Data for review:
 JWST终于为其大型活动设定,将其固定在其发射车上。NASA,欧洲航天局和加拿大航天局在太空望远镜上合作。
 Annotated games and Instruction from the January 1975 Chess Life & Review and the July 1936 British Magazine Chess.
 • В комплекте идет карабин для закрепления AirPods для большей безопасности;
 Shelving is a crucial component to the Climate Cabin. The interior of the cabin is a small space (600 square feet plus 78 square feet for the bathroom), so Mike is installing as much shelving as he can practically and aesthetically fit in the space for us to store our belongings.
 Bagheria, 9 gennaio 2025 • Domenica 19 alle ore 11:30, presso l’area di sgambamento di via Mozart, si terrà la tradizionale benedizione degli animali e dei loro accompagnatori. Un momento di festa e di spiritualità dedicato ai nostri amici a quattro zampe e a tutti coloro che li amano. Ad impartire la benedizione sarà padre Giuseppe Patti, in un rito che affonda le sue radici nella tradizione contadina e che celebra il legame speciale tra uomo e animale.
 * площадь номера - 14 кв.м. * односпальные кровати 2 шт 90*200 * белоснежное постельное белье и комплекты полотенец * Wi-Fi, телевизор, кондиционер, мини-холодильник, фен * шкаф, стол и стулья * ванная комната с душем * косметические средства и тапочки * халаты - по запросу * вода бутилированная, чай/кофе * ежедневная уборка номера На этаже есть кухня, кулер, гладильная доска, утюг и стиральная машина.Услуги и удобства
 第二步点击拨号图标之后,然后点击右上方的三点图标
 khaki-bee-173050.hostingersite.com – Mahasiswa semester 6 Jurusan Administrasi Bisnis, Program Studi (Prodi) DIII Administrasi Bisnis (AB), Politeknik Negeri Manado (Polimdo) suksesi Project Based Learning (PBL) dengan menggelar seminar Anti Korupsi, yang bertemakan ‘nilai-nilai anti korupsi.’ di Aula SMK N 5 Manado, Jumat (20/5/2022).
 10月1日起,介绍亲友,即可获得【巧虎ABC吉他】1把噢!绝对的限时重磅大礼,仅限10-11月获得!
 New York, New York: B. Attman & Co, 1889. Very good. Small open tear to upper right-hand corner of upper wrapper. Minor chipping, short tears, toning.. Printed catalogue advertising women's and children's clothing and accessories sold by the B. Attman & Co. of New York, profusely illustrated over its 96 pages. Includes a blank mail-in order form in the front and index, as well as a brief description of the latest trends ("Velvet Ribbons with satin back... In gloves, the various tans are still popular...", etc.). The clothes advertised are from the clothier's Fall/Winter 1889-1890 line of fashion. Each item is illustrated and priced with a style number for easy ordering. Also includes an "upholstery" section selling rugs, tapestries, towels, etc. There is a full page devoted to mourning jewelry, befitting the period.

To do: Count how many lines in the data above hold the string "from", and give the number with no other words.

Output of the exercise: 2